Strong bones, a healthy immune system, protection against some types of cancer: Recent studies suggest there’s yet another item for the expanding list of vitamin D benefits. Vitamin D, “the sunshine vitamin,” keeps the heart, the body’s long-distance runner, fit for life’s demands.
University of Michigan pharmacologist Robert U. Simpson, Ph.D., thinks it’s apt to call vitamin D “the heart tranquilizer.”
In studies in rats, Simpson and his team report the first concrete evidence that treatment with activated vitamin D (a metabolite of vitamin D-3) can protect against heart failure.

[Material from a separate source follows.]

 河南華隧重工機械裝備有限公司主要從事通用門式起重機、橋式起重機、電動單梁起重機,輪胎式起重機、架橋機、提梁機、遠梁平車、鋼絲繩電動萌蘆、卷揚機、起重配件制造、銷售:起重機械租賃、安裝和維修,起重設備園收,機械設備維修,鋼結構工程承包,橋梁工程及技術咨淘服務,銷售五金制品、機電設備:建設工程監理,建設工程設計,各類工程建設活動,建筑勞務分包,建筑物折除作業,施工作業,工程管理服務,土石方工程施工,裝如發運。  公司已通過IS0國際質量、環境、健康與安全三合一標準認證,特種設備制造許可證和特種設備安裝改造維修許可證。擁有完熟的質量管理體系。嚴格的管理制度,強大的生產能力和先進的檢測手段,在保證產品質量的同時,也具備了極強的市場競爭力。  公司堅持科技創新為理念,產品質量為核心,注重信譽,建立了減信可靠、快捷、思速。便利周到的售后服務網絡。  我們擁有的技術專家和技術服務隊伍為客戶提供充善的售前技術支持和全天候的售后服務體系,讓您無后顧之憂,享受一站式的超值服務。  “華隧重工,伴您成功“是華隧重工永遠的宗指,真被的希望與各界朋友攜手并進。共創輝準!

Their results appear online ahead of print in the Journal of Cardiovascular Pharmacology.
In the study, treatments with vitamin D-3 prevented heart muscle cells from growing bigger – the condition, called hypertrophy, in which the heart becomes enlarged and overworked in people with heart failure. The treatments prevented heart muscle cells from the over-stimulation and increased contractions associated with the progression of heart failure.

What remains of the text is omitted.